Summary: clients-per-query = add more RAM.

There is a nightmare-nado of other things you can try to tweak or tune or limit and shutdown -r now… or you can RAM-up and see all those Zombie-Language /var/log/ messages in your logs vanish. If you are ‘flush with GB’ and nothing in swap: it’s 2.44 million curtains for you, tough guy (in 0.33 seconds)!

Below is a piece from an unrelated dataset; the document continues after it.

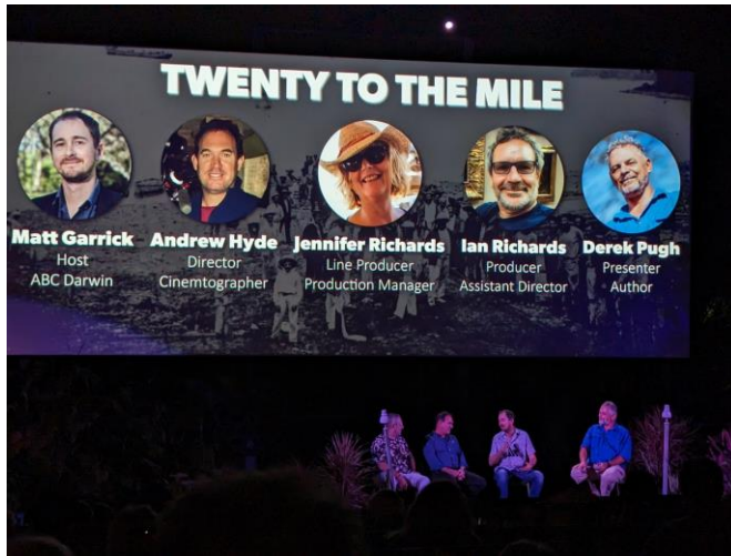
Question and Answer time at the end of the documentary

Z0mb13 t4Lk (or ID-10-T bot-writer cOdEs) and fail2ban

1rip, 1Rip, 1rIP, and so-on. case-insensitive, or ignore-case. Sounds so easy. So you try a little (?i) and a little \/\.IhateRegEx (interpreted through .py and other things depending on revision or build number) and pretty soon you are standing in the eye of a shark-icane with your Mary Poppins umbrella waiting for the winds to take you to a hopefully quick and not too painful shark-shutdown (in the air).

begin here (/etc/fail2ban/filter.d dir):
[root@server filter.d]# cp named-flood.conf named-ignoretest.conf
[root@server filter.d]# vim named-ignoretest.conf

It has now (sorry for the wordpress word-wrap):

failregex = .* named\[.*\]: client <HOST>\#.*: query: (1rip\.com|isc\.org|\.) (IN|ANY) *

Based on the only search result that made sense ( https://github.com/fail2ban/fail2ban/issues/48 ) and ( http://www.tutorialspoint.com/python/python_reg_expressions.htm ) [and about 100 trial-with-error failures] change it to:

 failregex = .* named\[.*\]: client <HOST>\#.*: query: ((?i)1rip|1rip\.com|isc\.org|\.) (IN|ANY) *

The important thing here (besides this is not tested against any other versions): ((?i)[pipe separated list]). The ‘ignore-case’ (?i) toggle is working on all of the entries in the [pipe separated list]. Another thing: I didn’t test and don’t care if the case-insensitive compare carries over to the (IN|ANY).

Because the only ‘spoof’ in there is 1rip.com (now case does not matter) some of those isc.org queries are still getting answered, and the (space)1rip(space) [1rip without a domain extension] are still doing something (as yet unknown) to the cache and the upstream. What is known about those is that they are now successfully triggering fail2ban to shut those servers/ips down after a couple of hits and send the rest of their millions of attempts to >dev/null.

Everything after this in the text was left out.